# the MAD+ Seminar

We are excited to announce the MaD+ (math and data plus) seminar, jointly organized between NYU and ETH. For the time being it is a virtual seminar series, and depending on logistics and interest potentially evolve to a multi-location seminar once the world returns to normal (with talks hosted in one of the locations, and streamed). The topics will be in line with the physical MaD seminar hosted at the Center for Data Science, which features leading specialists at the interface of Applied Mathematics, Statistics and Machine Learning. We took inspiration from the fantastic virtual seminar TCS+ from our friends in Theoretical Computer Science.

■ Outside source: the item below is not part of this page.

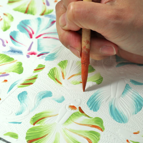 こちらも決まった”枠”は無く、彩色職人の滑らかな筆さばきによって

This semester it runs on Wednesdays in two time slots (each week one time slot) 4pm CET (10am EST) and and 2pm EST (8pm CET), in an attempt to accommodate the various working hours of more researchers around the world. Stay tuned for more great names that will be speaking this semester!

MaD seminars are recorded and streamed live. Links to the videos are available below.
You can subscribe to a calendar here, and to our **Youtube channel** here.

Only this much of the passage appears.